Set in his hometown, Blindspotting tackles themes of memory and loss—the latter due in this case to gentrification and displacement of natives. Although it’s set far, far away from Oakland, Snowpiercer grapples with similar themes: A failed global-warming experiment kills much of the planet, plunging it into ice and carving ever-deepening divisions between the haves and the have-nots.
The idea of using science fiction to confront real-world concerns has always interested Diggs, a self-proclaimed Star Trek fan. “Fucking climate change scares the shit out of me right now,” he says. “Snowpiercer barely seems like scifi at this point.”
If there’s another thread running through Diggs’s projects—which will soon include the Showtime limited series The Good Lord Bird, in which he plays Frederick Douglass—it’s that he wants to choose characters who continue to push our cultural conversation forward. (He’ll also put his spin on a beloved crustacean when he voices Sebastian in Disney’s remake of The Little Mermaid.) “I don’t like to play in worlds where stupidity is excused or justified or is part of the world,” Diggs says, emphasizing his preference for complex studies of human desires and conflicts.
That’s true even when they’re controversial. Take his recent turn in the off-Broadway play White Noise: In last year’s buzzy production from Pulitzer Prizewinning playwright Suzan-Lori Parks, his character has an encounter with the police and then asks his white friend to be his owner in order to feel safer in the world. It is dangerous territory for a play to explore, but Diggs loves working with black artists who have something to say about race and politics in America. Among those who earn his praise: Moonlight co-writer Tarell Alvin McCraney, poet Chinaka Hodge (“my favorite writer of words”), 2019 Pulitzer-winning playwright Jackie Sibblies Drury and Slave Play playwright (and Fall 2019 Playboy Interview subject) Jeremy O. Harris.
Diggs has learned a lot shooting Snowpiercer scenes alongside his Oscar-winning co-star Jennifer Connelly—lessons that will come in handy as he seeks to increase his impact outside of the New York theater scene that incubated his career.
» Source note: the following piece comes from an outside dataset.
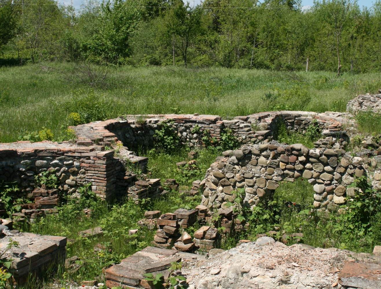 Dzalisi ruins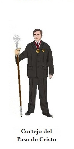 Cortejo Paso de los Dolores de San Francisco

“Music these days has become accessible to everybody, and that’s good, so I always want to keep making music,” he says. (In addition to his many acting projects, Diggs fronts the hip-hop group Clipping.) “That’s another reason it’s important to work in TV and film: Those are actually more accessible than theater in a lot of ways. Even if I’m sort of uncomfortable with them, I want to figure out ways to tell the important stories by those means.”
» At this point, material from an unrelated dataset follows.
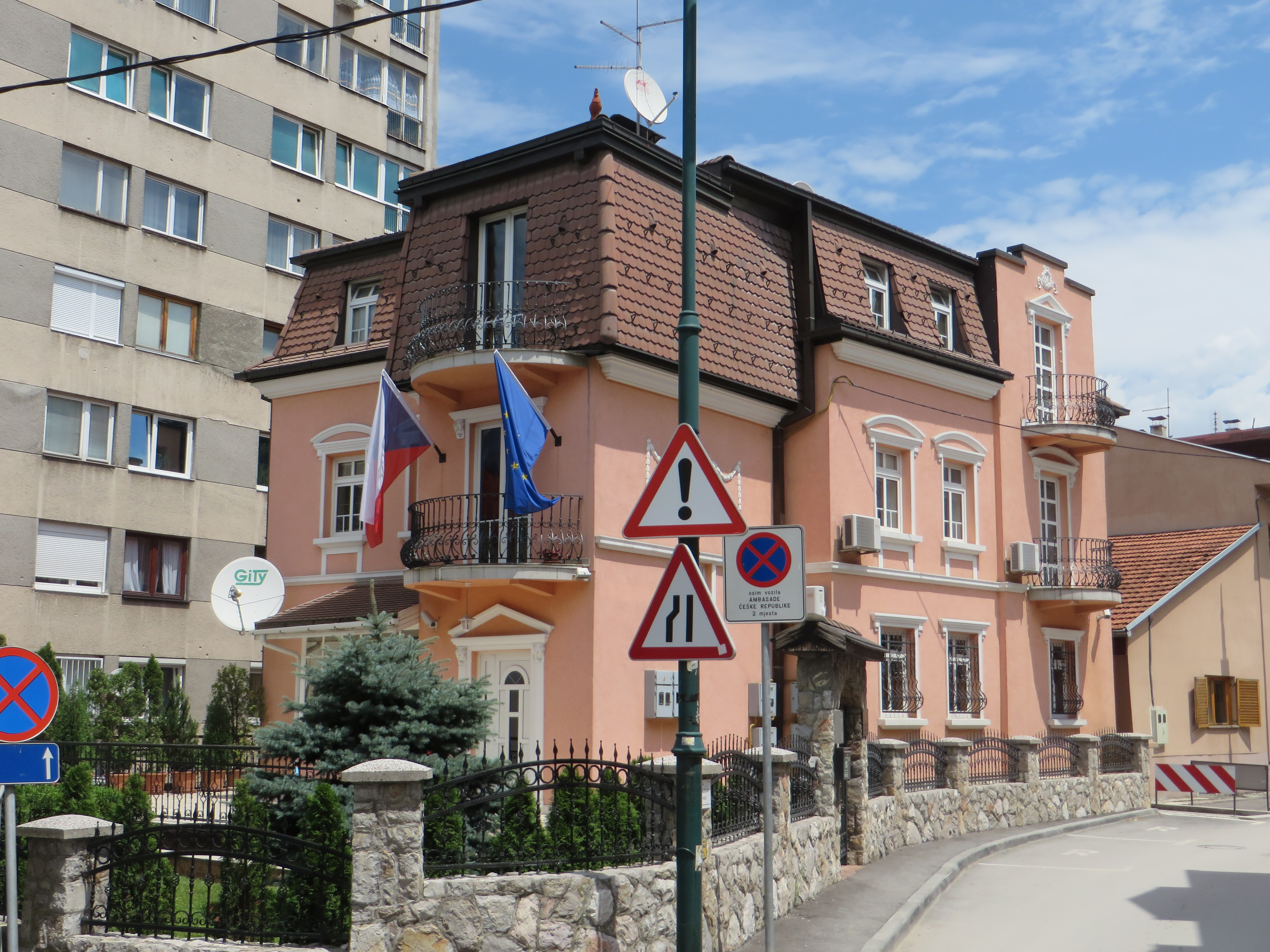 Czech Embassy in Sarajevo

Talk of the future raises another question: Has his father’s evolved masculinity inspired Diggs to raise a family of his own? The artist says he “desperately” wants to have kids and explains how his creative choices will factor into the herculean task of fatherhood.
“Raising black kids in the world, I want them to be less afraid than I was,” he says. “I wonder, What the hell kind of place am I bringing a kid into, and is that okay? That’s stressful, and it also makes me want to keep making art that’s important and speaks to those things.”
He concludes the thought on a note that would surely make his father proud. “I want the world to be better for my children, whenever they get here.”